Jeff Eggen wrote:
Tim Wolak <[EMAIL PROTECTED]> 06/01/2005 3:59:26 pm >>>

Hello all,

I am in need of a quick way to get the current date in the YYYYMMDD format. This is something I would like to understand better on how to

get the date with perl. Any suggestions would be most welcome.

As per the perlcheat page: "just use POSIX::strftime!"

# Begin
use POSIX qw(strftime);

my $date = strftime("%Y%m%d", localtime());
# End

There's possibly something in Date::Calc as well.  But this is the
quickest way I know, especially if you're familiar with the date command
in *nix.

Indeed, this is what I would use myself if I needed to format a unixtime string into a particular date format although I prefer %F myself ..

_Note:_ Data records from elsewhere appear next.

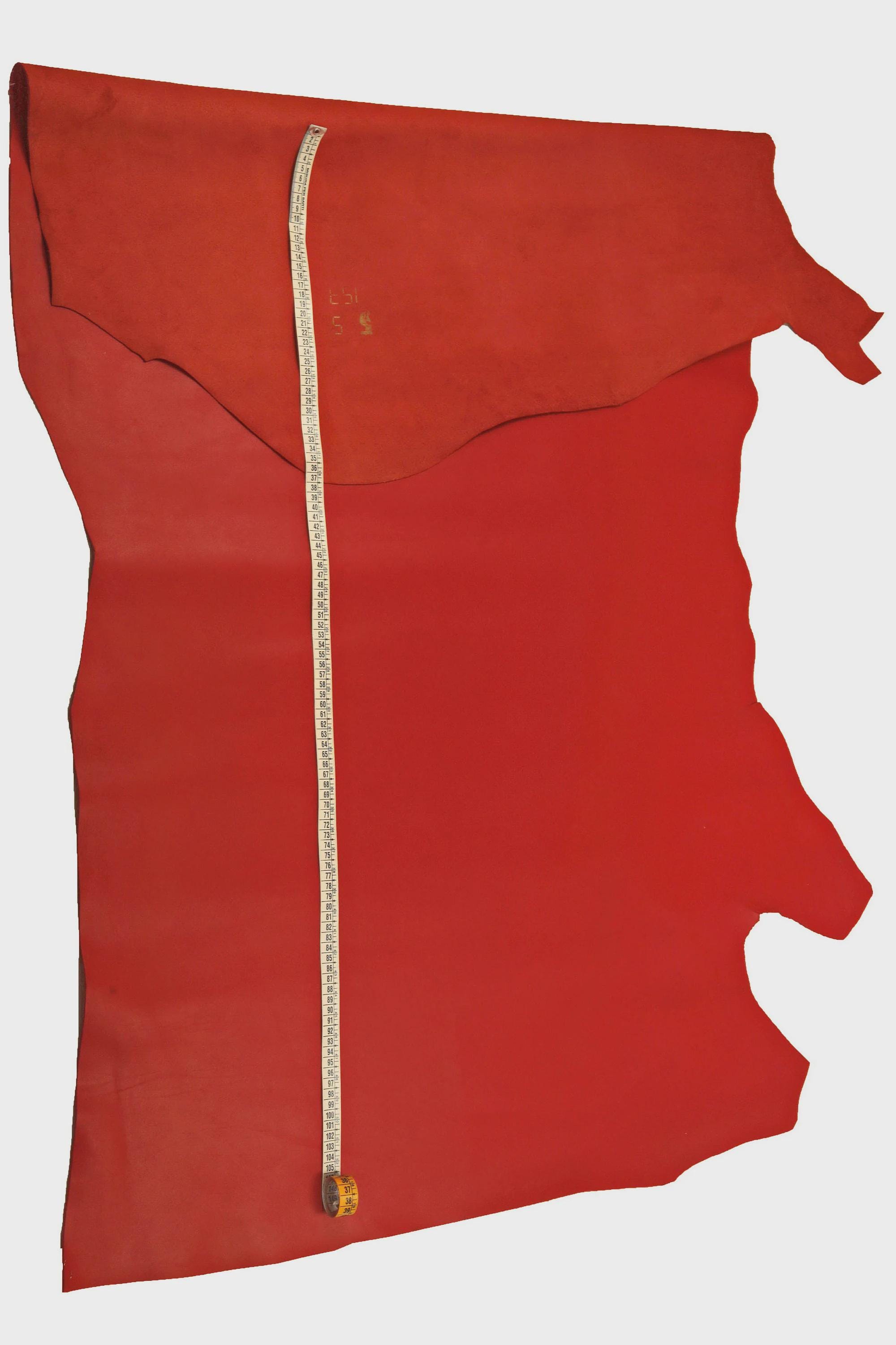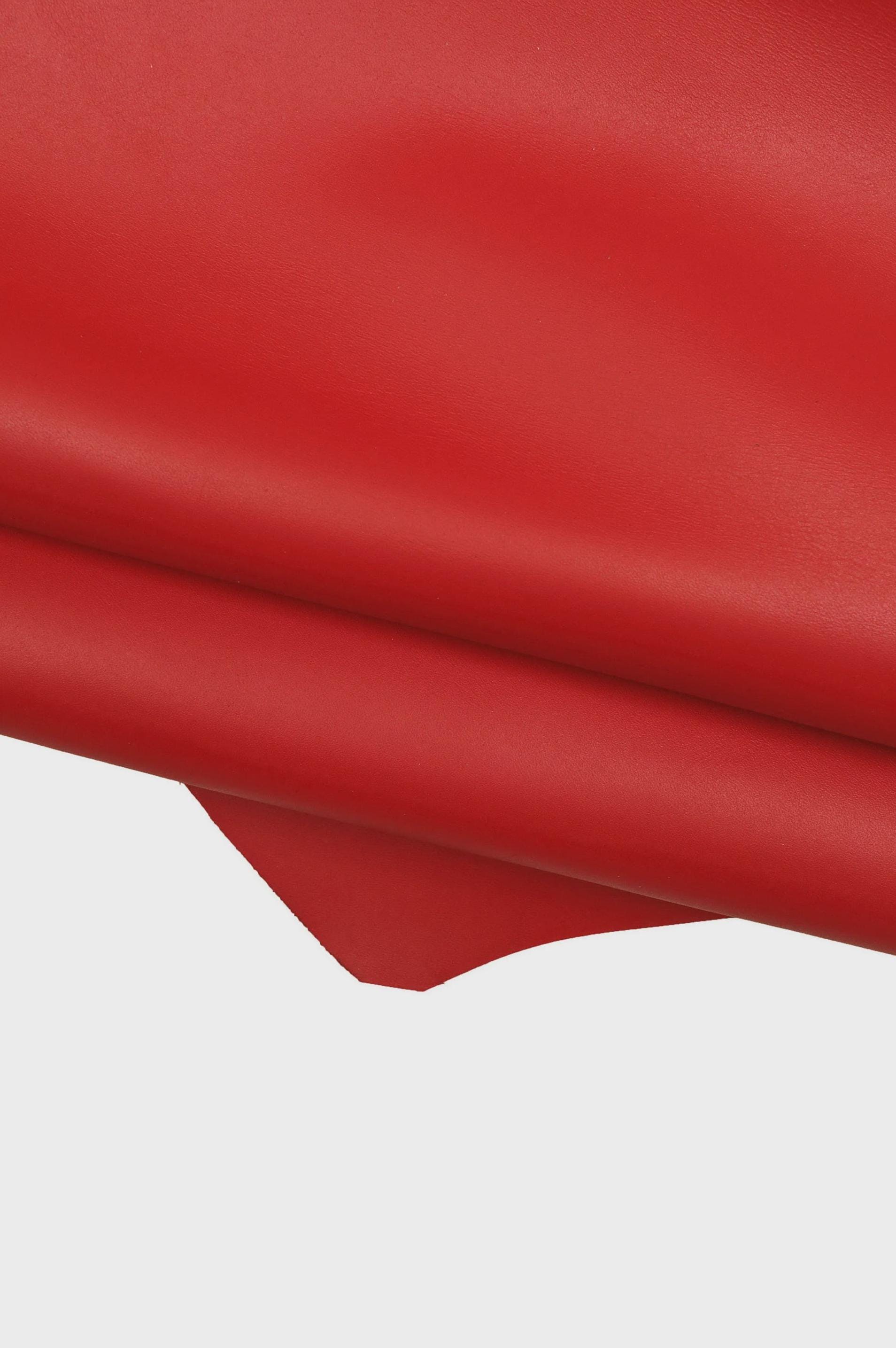 Fabulous red smooth leather hide, full grain soft cowhide, glossy calfskin 1.2 - 1.4 mm for crafting.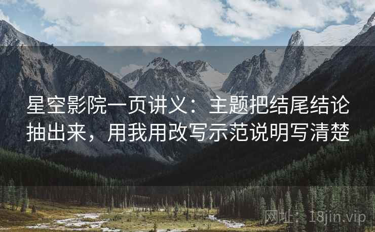 你是否曾有过这样的困扰:辛辛苦苦准备了一场演讲或一份报告,内容充实,逻辑严谨,但到了结尾,却发现它平淡无奇,甚至有些仓促,无法真正将你的核心思想传递出去?今天,我们就来聊聊如何在“星空影院”的语境下,抓住结尾的精髓,让你的结论产生“一页纸”般的概括力和传播力。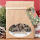 Rustic pine cones set off this classic, elegant design along with custom typography wishing a Joyeux Noel.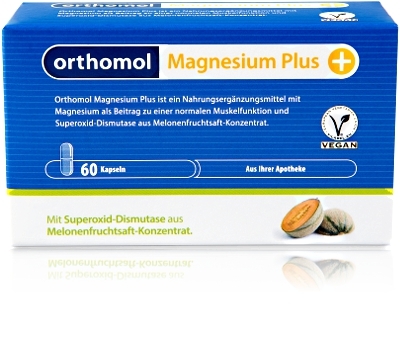 Orthomol Magnesium Plus (Ортомол Магнезиум Плюс) - витаминный комплекс с магнием на основе концентрата фруктового сока дыни, предназначенный для обеспечения нормальной работы функции мышц.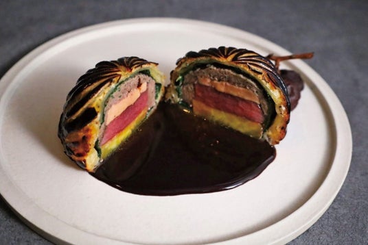ショコラを練り込んだパイ生地の中には北海道産の蝦夷鹿のシンシンが入っています。クラシカルなソースに仕上げ、カカオマスを入れてコクを出しました。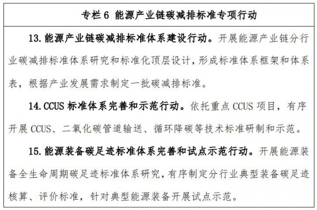 圍繞能源領(lǐng)域二氧化碳捕集利用與封存(CCUS)有關(guān)技術(shù)研發(fā)和項目建設(shè)需求,加快推進相關(guān)標準管理體系和標準體系完善,推進二氧化碳捕集、輸送、封存監(jiān)測、泄漏預警、驅(qū)油等關(guān)鍵環(huán)節(jié)標準制修訂。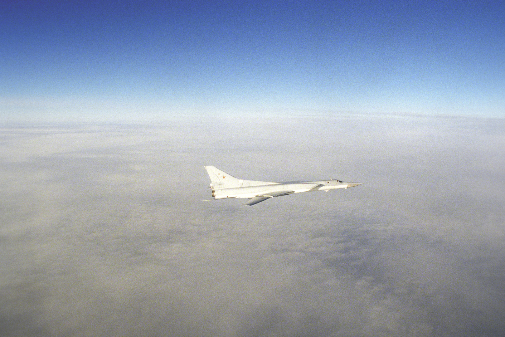 Archivbild: Ein russischer Bomber vom Typ Tu-22M3 mit einem Marschflugkörper vom Typ Ch-22, 1. März 1996 Bild: OLEG LASTOTSCHKIN / Sputnik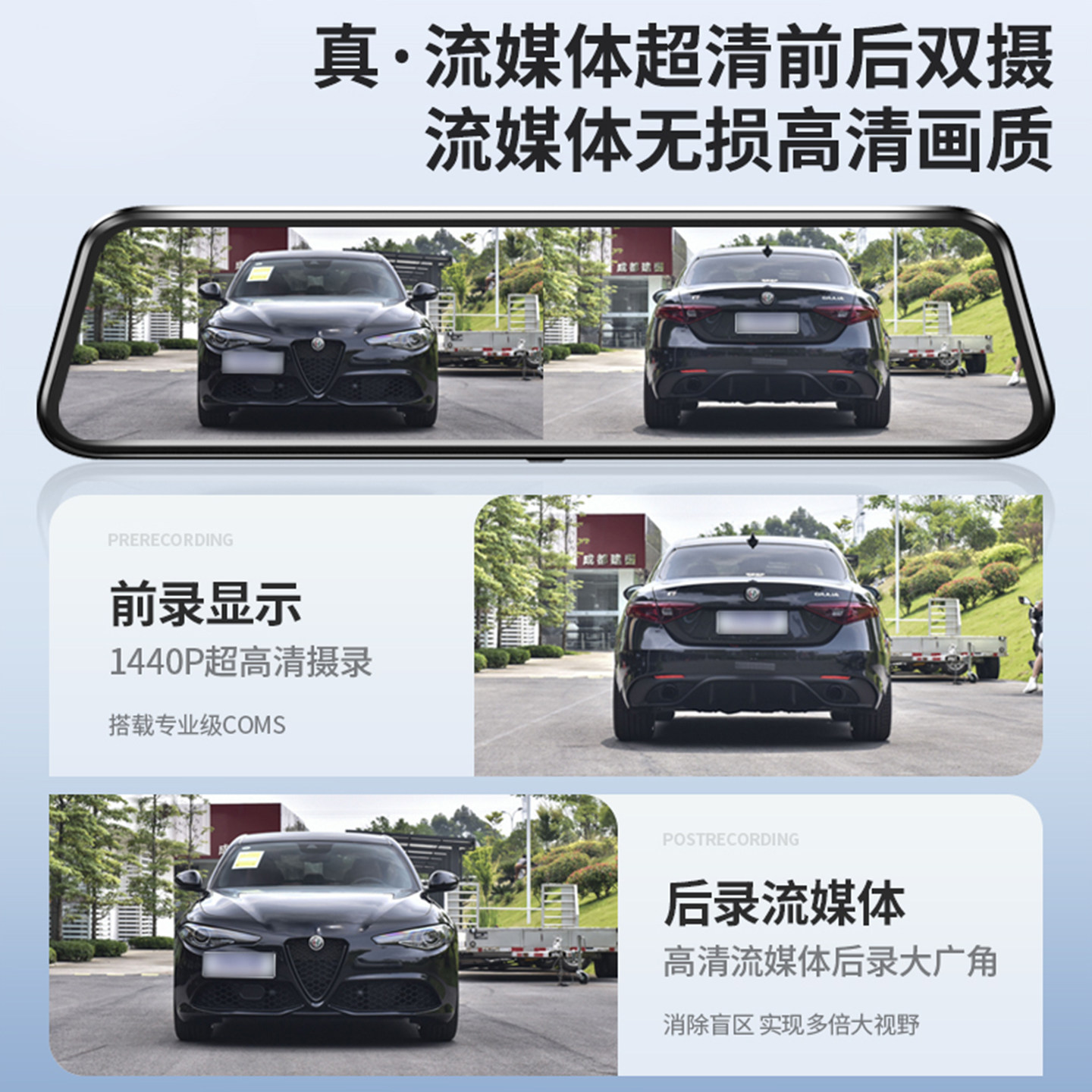 森导12寸流媒体行车记录仪2025年新款4K超高清前后双录电子狗播报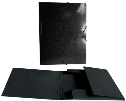 Carpeta folio gomas y solapas cart?n forrado brillo laser negro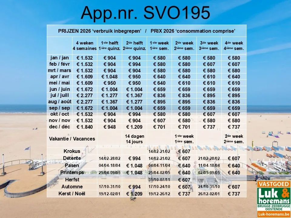 Appartement de vacances spacieux (85 m²) dans la résidence "North", située dans la Van Iseghemlaan à proximité du casino et du front de mer, dans le centre d'Ostende. Cet appartement est la base idéale pour vos vacances à Ostende, le front de mer est à 160m de l'appartement, le supermarché à 160m, tous les restaurants et magasins sont accessibles à pied.

 $ perl -MPOSIX=strftime -le 'print strftime("%F", localtime())'
2005-01-07

<pedanticmode>
%F is the equivalent of %Y-%m-%d which, according to the strftime manpage, is the ISO 8601 date format.
</pedanticmode>


I've used this on occasion after returning values from Date::Parse, in order to insert the tested valid value in a database, later, but reformatted as the db expects to see it.

sub valid_birthday { #object-oriented method
    $_[0]->get_birthday() and
        return( str2time( $_[0]->{_birthday} ) );
    return undef;
}

and once I have a true value returned from the valid_birthday method, I can format it with POSIX strftime into what the database expects to see, as opposed to whatever the user typed into the form.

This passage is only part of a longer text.